> Material for this exercise
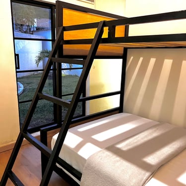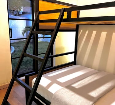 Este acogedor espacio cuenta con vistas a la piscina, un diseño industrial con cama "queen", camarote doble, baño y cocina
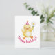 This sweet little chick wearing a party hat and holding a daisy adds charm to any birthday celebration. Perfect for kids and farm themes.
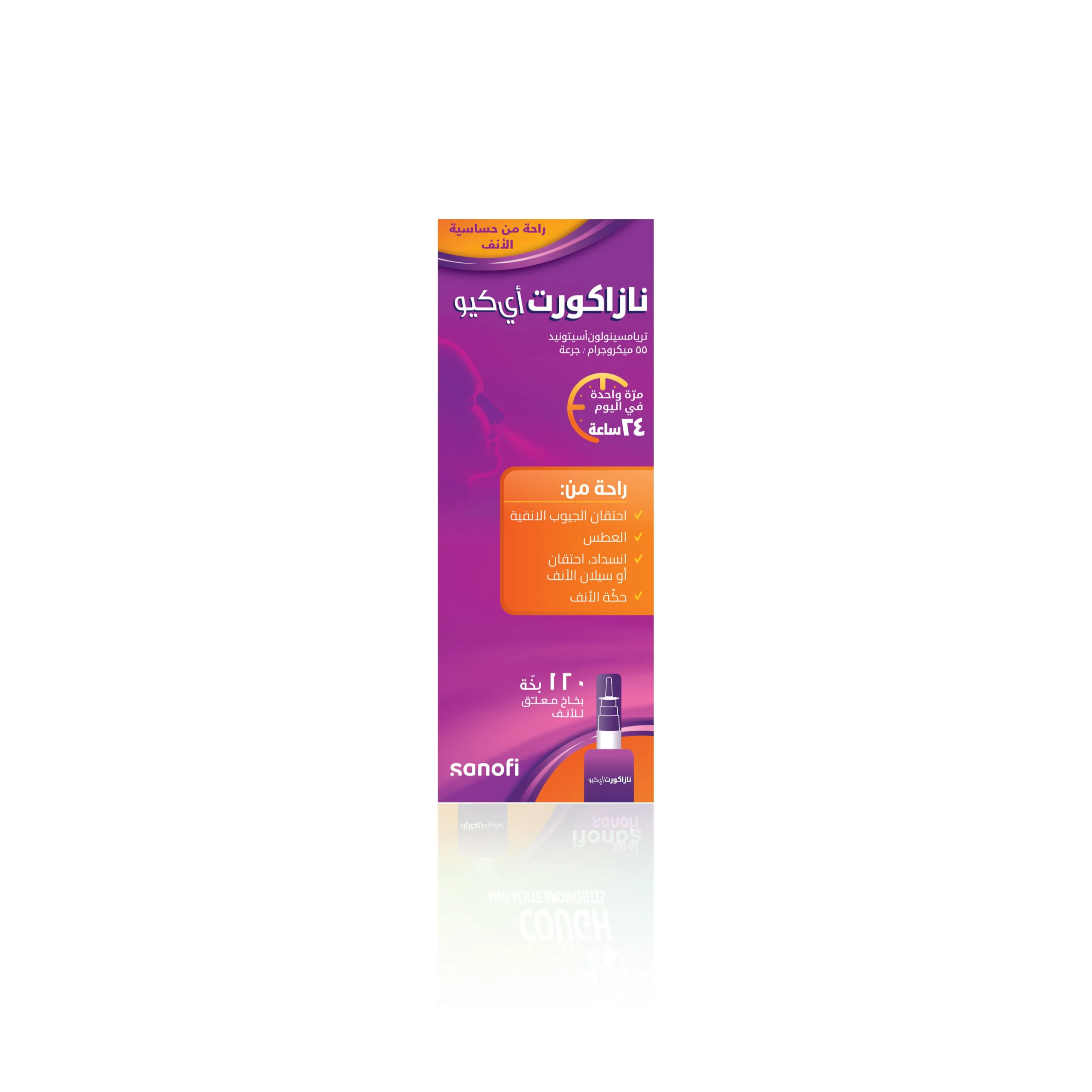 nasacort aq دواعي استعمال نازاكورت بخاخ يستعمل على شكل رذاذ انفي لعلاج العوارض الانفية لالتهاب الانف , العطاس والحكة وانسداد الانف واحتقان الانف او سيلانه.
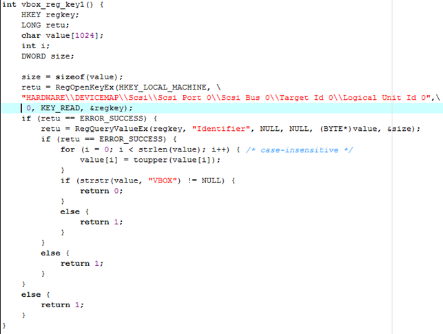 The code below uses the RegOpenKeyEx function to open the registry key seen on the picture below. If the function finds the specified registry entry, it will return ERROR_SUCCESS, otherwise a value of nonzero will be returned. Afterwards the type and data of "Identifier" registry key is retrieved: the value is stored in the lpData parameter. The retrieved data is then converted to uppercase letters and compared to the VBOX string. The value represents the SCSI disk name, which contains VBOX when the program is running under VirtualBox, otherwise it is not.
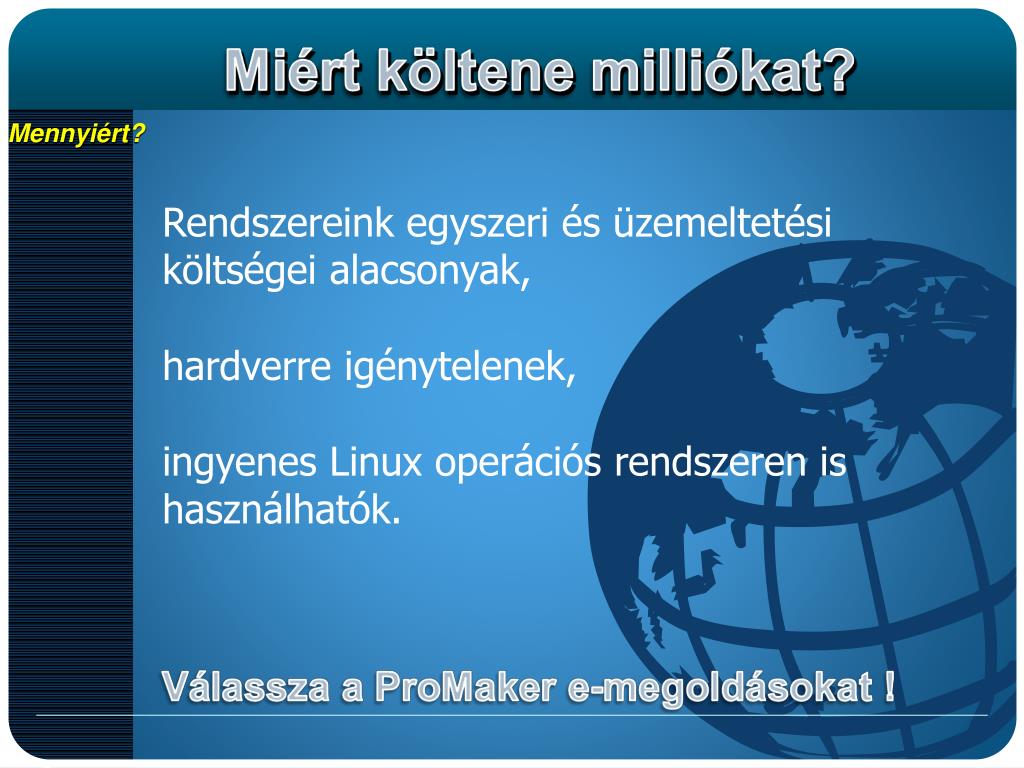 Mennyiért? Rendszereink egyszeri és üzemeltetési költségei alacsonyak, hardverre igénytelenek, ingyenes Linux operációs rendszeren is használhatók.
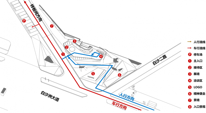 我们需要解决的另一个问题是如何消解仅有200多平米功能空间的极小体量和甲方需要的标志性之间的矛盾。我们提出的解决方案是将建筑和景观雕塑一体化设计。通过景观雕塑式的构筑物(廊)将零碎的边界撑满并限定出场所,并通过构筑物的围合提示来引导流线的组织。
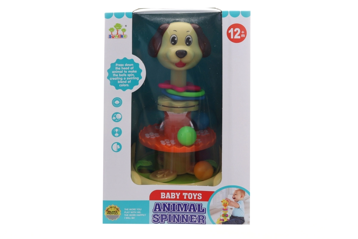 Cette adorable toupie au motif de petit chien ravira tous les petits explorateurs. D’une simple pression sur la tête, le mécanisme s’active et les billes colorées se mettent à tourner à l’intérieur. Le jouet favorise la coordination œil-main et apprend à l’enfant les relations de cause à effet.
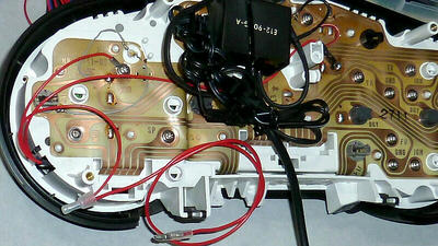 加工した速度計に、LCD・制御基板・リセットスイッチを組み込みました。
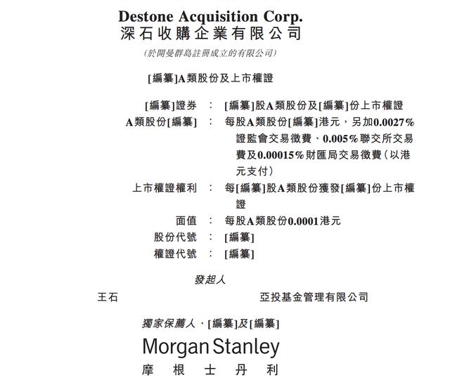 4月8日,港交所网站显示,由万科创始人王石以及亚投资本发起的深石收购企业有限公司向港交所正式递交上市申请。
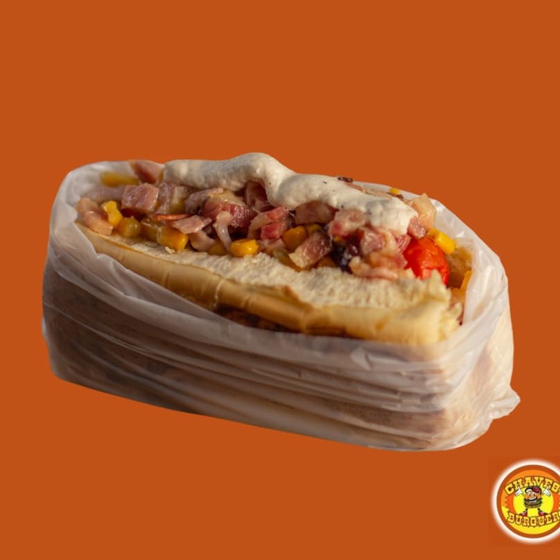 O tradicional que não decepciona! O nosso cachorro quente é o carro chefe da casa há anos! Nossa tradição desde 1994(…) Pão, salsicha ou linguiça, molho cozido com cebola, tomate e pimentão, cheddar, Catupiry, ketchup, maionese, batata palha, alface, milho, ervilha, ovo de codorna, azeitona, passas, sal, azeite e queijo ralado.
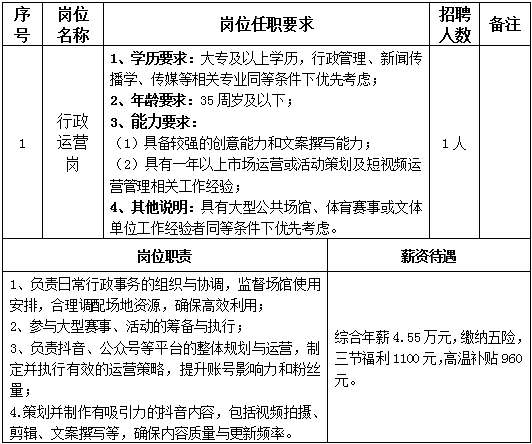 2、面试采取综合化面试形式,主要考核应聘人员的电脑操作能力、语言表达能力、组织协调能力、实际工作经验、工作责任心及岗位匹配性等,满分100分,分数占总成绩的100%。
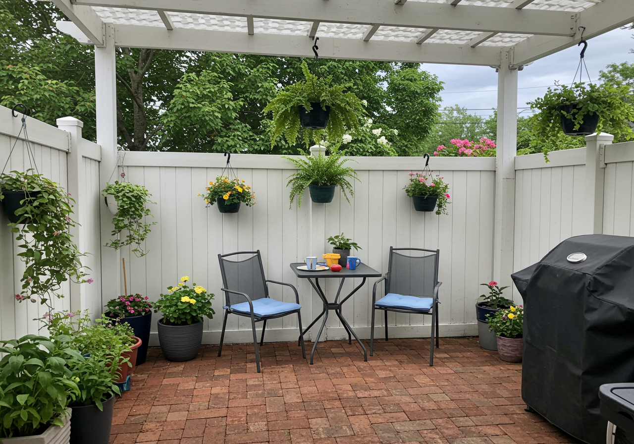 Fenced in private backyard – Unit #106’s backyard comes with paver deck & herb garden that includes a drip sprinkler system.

> Task statement
When you copy the data, keep every line exact and drop the pictures.

> Result of this exercise
 Este acogedor espacio cuenta con vistas a la piscina, un diseño industrial con cama "queen", camarote doble, baño y cocina
 This sweet little chick wearing a party hat and holding a daisy adds charm to any birthday celebration. Perfect for kids and farm themes.
 nasacort aq دواعي استعمال نازاكورت بخاخ يستعمل على شكل رذاذ انفي لعلاج العوارض الانفية لالتهاب الانف , العطاس والحكة وانسداد الانف واحتقان الانف او سيلانه.
 The code below uses the RegOpenKeyEx function to open the registry key seen on the picture below. If the function finds the specified registry entry, it will return ERROR_SUCCESS, otherwise a value of nonzero will be returned. Afterwards the type and data of "Identifier" registry key is retrieved: the value is stored in the lpData parameter. The retrieved data is then converted to uppercase letters and compared to the VBOX string. The value represents the SCSI disk name, which contains VBOX when the program is running under VirtualBox, otherwise it is not.
 Mennyiért? Rendszereink egyszeri és üzemeltetési költségei alacsonyak, hardverre igénytelenek, ingyenes Linux operációs rendszeren is használhatók.
 我们需要解决的另一个问题是如何消解仅有200多平米功能空间的极小体量和甲方需要的标志性之间的矛盾。我们提出的解决方案是将建筑和景观雕塑一体化设计。通过景观雕塑式的构筑物(廊)将零碎的边界撑满并限定出场所,并通过构筑物的围合提示来引导流线的组织。
 Cette adorable toupie au motif de petit chien ravira tous les petits explorateurs. D’une simple pression sur la tête, le mécanisme s’active et les billes colorées se mettent à tourner à l’intérieur. Le jouet favorise la coordination œil-main et apprend à l’enfant les relations de cause à effet.
 加工した速度計に、LCD・制御基板・リセットスイッチを組み込みました。
 4月8日,港交所网站显示,由万科创始人王石以及亚投资本发起的深石收购企业有限公司向港交所正式递交上市申请。
 O tradicional que não decepciona! O nosso cachorro quente é o carro chefe da casa há anos! Nossa tradição desde 1994(…) Pão, salsicha ou linguiça, molho cozido com cebola, tomate e pimentão, cheddar, Catupiry, ketchup, maionese, batata palha, alface, milho, ervilha, ovo de codorna, azeitona, passas, sal, azeite e queijo ralado.
 2、面试采取综合化面试形式,主要考核应聘人员的电脑操作能力、语言表达能力、组织协调能力、实际工作经验、工作责任心及岗位匹配性等,满分100分,分数占总成绩的100%。
 Fenced in private backyard – Unit #106’s backyard comes with paver deck & herb garden that includes a drip sprinkler system.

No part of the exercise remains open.